Okay great and just so I kind of have it cleared from my head here too, the path that gets you to increased activity levels. I mean how do you really kind of lay this out, you have the JV done first or is the debt maturities or how do you kind of think of the steps to ultimately get you to the point where you are increasing activity level and maybe timing on it if you can? Thanks.
Well, in line, I think the area is pretty clear that we don’t want to start anything until we resolve the maturity issues. We have [indiscernible] to the stands of wanting to maintain liquidity and that basically is a reduction of liquidity. But we are continuing to talk to people about the joint venture. And so we feel they are parallel paths, but we want to make it clear that we are not intending to just flat and start drilling before we resolve these issue which I think is a good business practice.
Okay, thanks guys.
Our next question is from John White with ROTH Capital. Please go ahead.
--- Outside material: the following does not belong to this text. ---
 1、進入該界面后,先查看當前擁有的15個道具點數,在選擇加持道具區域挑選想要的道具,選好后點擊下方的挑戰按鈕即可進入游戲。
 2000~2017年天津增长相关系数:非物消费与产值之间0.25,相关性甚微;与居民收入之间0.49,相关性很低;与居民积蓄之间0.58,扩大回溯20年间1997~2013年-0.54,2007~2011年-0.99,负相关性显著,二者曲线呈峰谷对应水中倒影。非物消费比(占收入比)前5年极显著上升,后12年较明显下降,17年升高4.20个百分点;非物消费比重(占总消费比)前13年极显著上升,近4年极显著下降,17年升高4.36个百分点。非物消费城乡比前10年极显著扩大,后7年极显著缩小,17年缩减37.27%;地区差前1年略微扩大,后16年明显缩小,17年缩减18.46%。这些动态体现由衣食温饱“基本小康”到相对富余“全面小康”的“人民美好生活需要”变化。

Good morning men and congratulations on the good production numbers and the cash cost reductions. On Thunder Bayou, what is it you are seeing at the wellhead that’s causing the out performance, is it higher than anticipated slowing pressures or is it lower than expected water, can you give us a little more color?
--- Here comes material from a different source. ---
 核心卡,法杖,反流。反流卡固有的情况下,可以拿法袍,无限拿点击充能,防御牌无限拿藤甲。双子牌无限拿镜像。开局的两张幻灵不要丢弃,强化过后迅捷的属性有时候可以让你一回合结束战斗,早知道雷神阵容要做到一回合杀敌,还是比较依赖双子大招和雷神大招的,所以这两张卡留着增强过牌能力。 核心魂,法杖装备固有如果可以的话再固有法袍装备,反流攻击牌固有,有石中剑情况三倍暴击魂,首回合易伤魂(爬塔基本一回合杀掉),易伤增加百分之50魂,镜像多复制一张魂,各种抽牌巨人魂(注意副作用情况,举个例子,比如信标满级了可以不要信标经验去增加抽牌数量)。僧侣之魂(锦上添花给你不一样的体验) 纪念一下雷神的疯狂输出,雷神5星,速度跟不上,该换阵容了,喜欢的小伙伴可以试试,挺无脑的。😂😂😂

Well basically it’s that we took the most negative case on the thickness of sands as they move away from wellbore and so what it's doing, it's showing you that as you move down dip away from the wellbore where you are selling the gas column.
The sands are commingling and clinging up and it's just potentially a larger reservoir. Because if you go back and look at some our presentations, the down dip well we are [indiscernible] off of is about 500 feet of solid sand, with very little interference between the different lobes.
Where as you get up on top of the structure, we had some - I guess get you call it degradation at the wellbore where there was more shale and as you move away from that pretty quickly, obviously you are clinging the sand up. So at point out there all of the sand will mingle together and that's just the best way its proving have to be.
Okay, thanks very much. I appreciate that.
All right John. See you.
I’m showing no more questions. So this concludes our question-and-answer session. I would now like to turn the conference back over to Matt Quantz for any closing remark.
Yes, thank you everybody for the time this morning. And please follow-up again if you have any additional questions.
The conference has now concluded. Thank you for attending today’s presentation. You may now disconnect.